In this post, I will try to come up with a system design for Social Networking services with the following basic functional and non-functional requirements.
In this post, I am going to touch following functional requirements.
- User management
- Users can follow each other.
- Make a friend.
- Users can post on their own and friends’ timelines and can post photos, Videos, and other media.
- Should be able to see posts with likes and comments.
- Followers/Friends can see others’ posts on their timelines.
- Users can like and comment.
- Users should get a notification for likes, comments, follow, and friends’ requests.
- Very Basic analytics for Post encasements, User activity, Hash Tag Trends, etc.
Social networking services are platforms that allow users to interact with each other through various types of media. Users can post text, photos, videos, and other content, as well as like, comment, and share them with their connections. These activities generate terabytes of data every day, which need to be stored and processed efficiently. Social network systems are designed to handle more read operations than write operations, so they must be optimized for performance and scalability.
- High Availability
Storage Size Estimation
A simple storage estimation will help in understanding scalability and performance requirements. For this check table below.
Imagine a system with 5 million active users who each do 5 activities per day and generate 1 MB of data per activity. That means the system needs 25 TB of storage every day and 9 PB every year. That’s a lot of data to handle, process, and store. It makes the system’s scalability, availability, and performance more challenging, but also more exciting.
Basic Data Modeling for Social Graph
Let’s define basic entities for our social network requirements and establish relationships among them to create a basic graph for our system. Using these related entities our system would be able to create a social graph of our connected users. For more details read this
- user: User table to store user information, id is the primary key, email, and mobile number are unique fields.
- user_follower: This table records the user followers and their types. The types can be Like, Dislike, or Follow, indicating how the followers interact with the user
- user_friend: The User Friend Table keeps track of the user’s friends. The friend status column indicates the current state of the friendship and the type column specifies the kind of friendship.
- user_post: The User Post Table stores the posts made by the users. The sender can choose to let other users with the right permissions post on their wall.
- user_comment: The post comment table stores comments by users on posts. The ParentCommentId column would be used to store nested comments.
- user_notification: The user notification table stores notification generated for different events for users with a status column which would be used to track notification status like generated, delivered, and viewed.

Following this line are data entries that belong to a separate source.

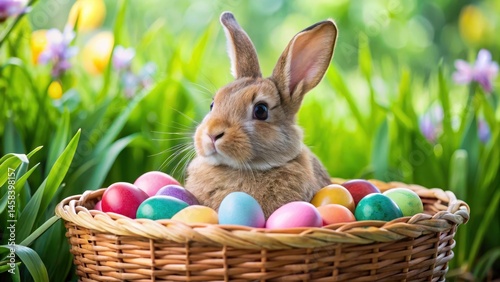 rabbit in colorful basket with decorated Easter eggs, egg decoration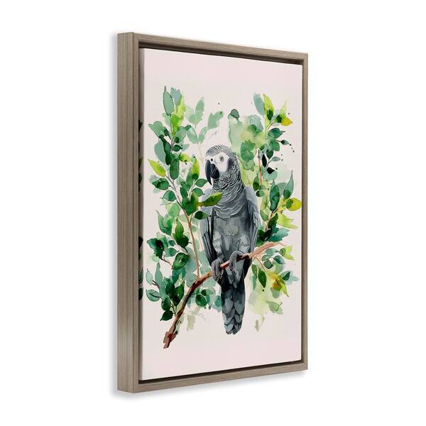 Tropical Perched Parrot by LSR Design Studio Brown Floater Frame Animal Graphic Art Print 31 in. x 21 in.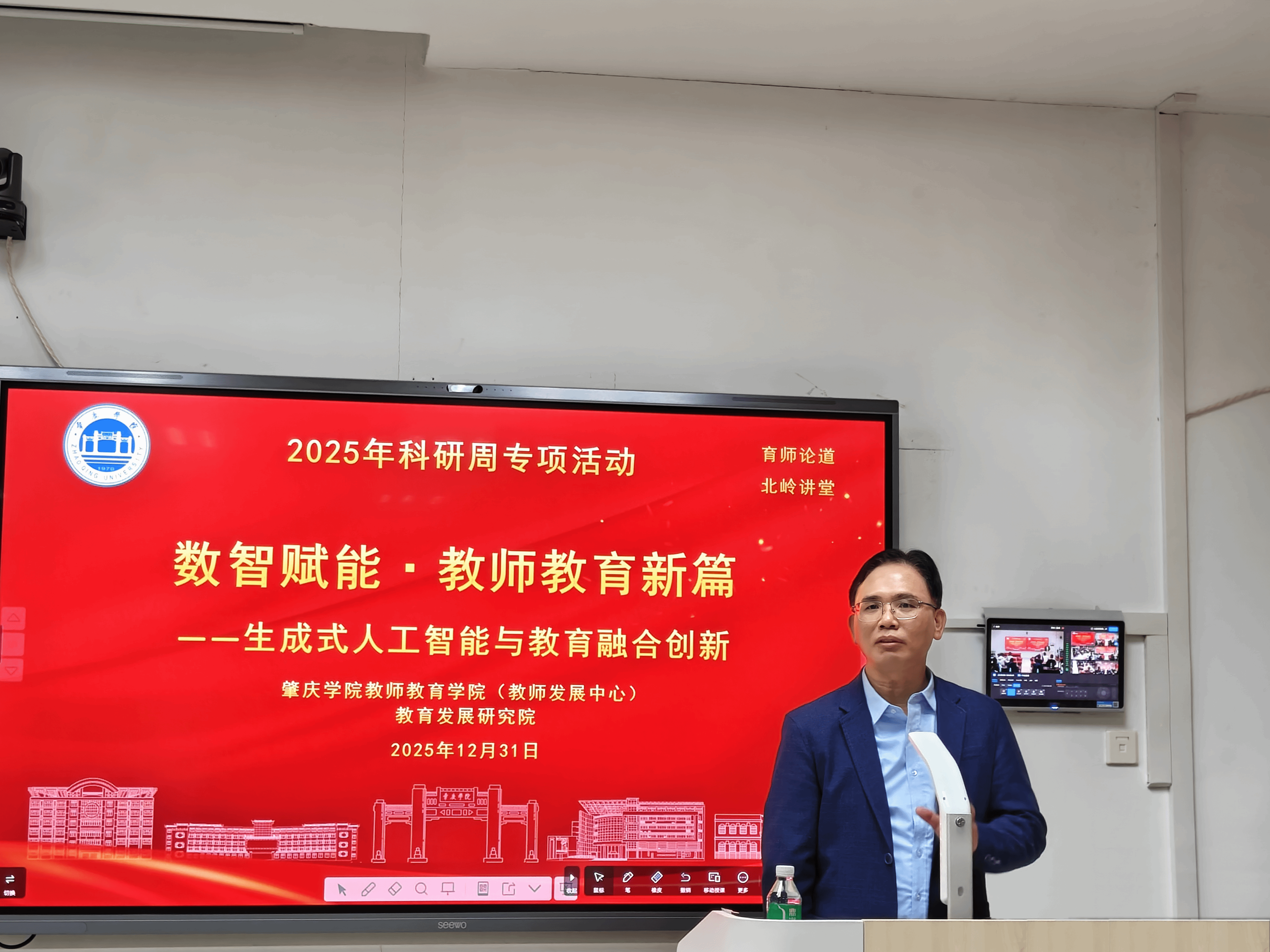 为积极响应教育数字化转型国家战略,探索人工智能在教师教育领域的创新应用路径,2025年12月31日,william威廉英国官网(教师发展中心)/教育发展研究院在教师发展中心大楼106室成功举办科研周专项活动。本次活动以“数智赋能教师教育”为核心主题,精心设置学术讲座与主题沙龙两大环节,公司党总支书记植可焕,公司党政领导班子、全体教职工,以及未来卓越教师砚园12班学子齐聚现场,共话数智时代教师教育发展新方向。活动由副经理(副主任)薄艳玲主持。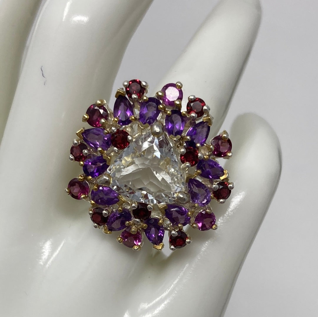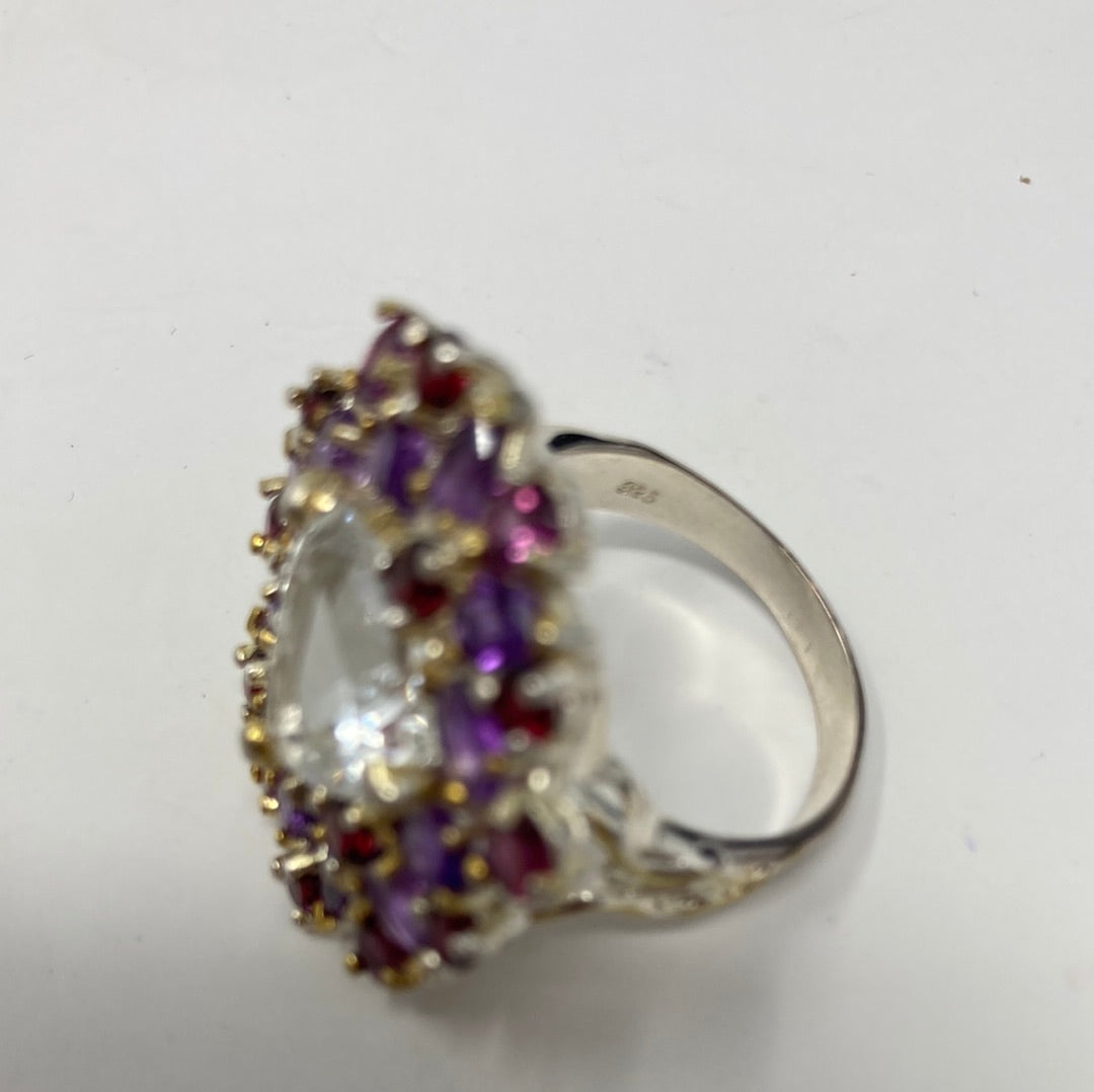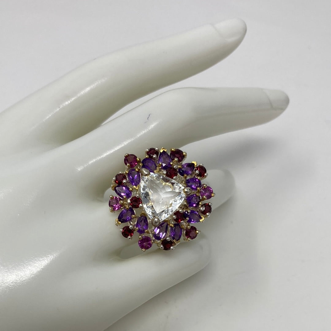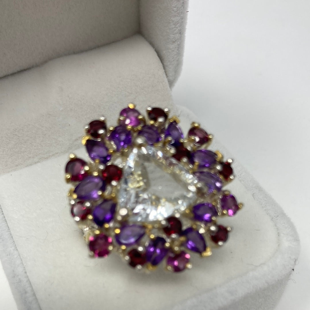 A rate find to find this high quality Genuine Aquamarine, it has everything, cut, color and clarity. The restful, calming watery blue that only a true Aquamarine can manifest. Encrusted with Genuine Amethysts and Rhodolite Garnets. A masterpiece of genuine gemstones set in .925 Sterling Silver. Notice the exquisite detailing in this custom made, one of a kind ring. Size 9 1/2, Resize at your jeweler or use a ring guard

- user_media: The metadata and object URI of the media files uploaded by users and included in their posts will be stored in this table.
- user_post_media: This table will store information for the media files used in a post.
High-Level View of the System
We are going to design a Social Networking Service where users can register themselves using a client app, then can make friends and follow others. Users can post status text, photos, videos, etc. on their timelines and others as well. Users can view others’ statuses like a comment which is naturally going to make this service high-read and highly eventful (Comments, like, etc.).
First, we are going to describe very high-level components going to be used in this system. Later in this post, we are going to detail these components.
- Client: A social network client application is a software program that allows users to access and interact with a social network service. It may provide features such as browsing, posting, messaging, commenting, liking, sharing, and following other users. A social network client application can be web-based, desktop-based, or mobile-based, depending on the platform it runs on.
- API Backend: The API backend consists of a set of backend API services that handle various operations. These services interact with OLTP Datastore, Object Store, Message broker, and OLAP to store and retrieve information efficiently.
- Data API: This system will offer a layer of abstraction for the underlying database and enable very high-performance read-write APIs for the datastore, allowing the API backend to operate independently.
- OLTP Datastore: To store our data, we need a database system that can handle high volumes of transactions and ensure data availability. This is why we will use an OLTP data store for our OLTP needs. We will use a shared database with global replication to support the Peta Byte scale.
- Object Store: This is a storage system that can handle and deliver any media file. It has high availability and scalability features.
- Message Broker: A message broker is a software component that enables asynchronous communication between different systems or applications by handling events and data with high performance.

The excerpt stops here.